• [Data under study]
————————

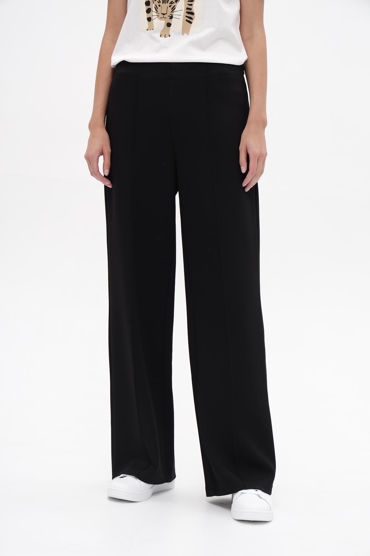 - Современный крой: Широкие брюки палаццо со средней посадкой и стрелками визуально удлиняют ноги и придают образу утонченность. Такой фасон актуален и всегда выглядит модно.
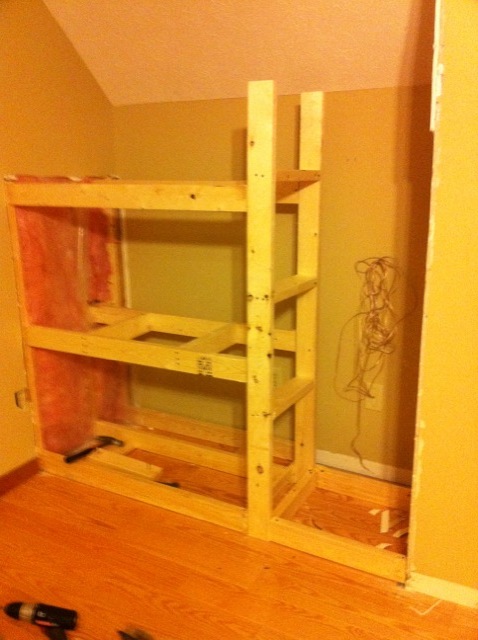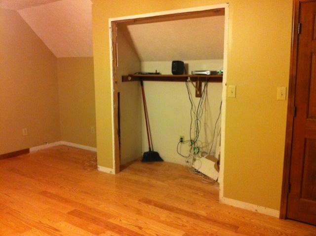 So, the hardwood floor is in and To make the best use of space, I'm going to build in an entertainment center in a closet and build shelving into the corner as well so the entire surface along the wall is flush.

————————

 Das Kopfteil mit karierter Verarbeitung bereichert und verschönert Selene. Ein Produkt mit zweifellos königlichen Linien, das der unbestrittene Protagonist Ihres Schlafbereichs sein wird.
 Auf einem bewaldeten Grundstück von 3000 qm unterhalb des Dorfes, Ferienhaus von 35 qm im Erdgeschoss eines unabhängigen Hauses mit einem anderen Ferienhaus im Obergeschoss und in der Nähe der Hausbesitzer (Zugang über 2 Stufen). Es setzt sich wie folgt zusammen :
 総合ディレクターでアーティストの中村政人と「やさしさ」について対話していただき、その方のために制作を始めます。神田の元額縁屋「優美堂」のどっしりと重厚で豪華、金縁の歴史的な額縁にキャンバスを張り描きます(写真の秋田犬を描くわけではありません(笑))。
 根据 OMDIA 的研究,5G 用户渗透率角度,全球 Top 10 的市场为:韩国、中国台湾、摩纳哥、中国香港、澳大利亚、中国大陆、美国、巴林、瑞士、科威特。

————————

• [Aim of the exercise] Could you return exactly the stretch of the data above that starts at the line with "Das Kopfteil mit" and ends at the line with "根据 OMDIA 的研究,5G", both lines included?

• [Solution]
 Das Kopfteil mit karierter Verarbeitung bereichert und verschönert Selene. Ein Produkt mit zweifellos königlichen Linien, das der unbestrittene Protagonist Ihres Schlafbereichs sein wird.
 Auf einem bewaldeten Grundstück von 3000 qm unterhalb des Dorfes, Ferienhaus von 35 qm im Erdgeschoss eines unabhängigen Hauses mit einem anderen Ferienhaus im Obergeschoss und in der Nähe der Hausbesitzer (Zugang über 2 Stufen). Es setzt sich wie folgt zusammen :
 総合ディレクターでアーティストの中村政人と「やさしさ」について対話していただき、その方のために制作を始めます。神田の元額縁屋「優美堂」のどっしりと重厚で豪華、金縁の歴史的な額縁にキャンバスを張り描きます(写真の秋田犬を描くわけではありません(笑))。
 根据 OMDIA 的研究,5G 用户渗透率角度,全球 Top 10 的市场为:韩国、中国台湾、摩纳哥、中国香港、澳大利亚、中国大陆、美国、巴林、瑞士、科威特。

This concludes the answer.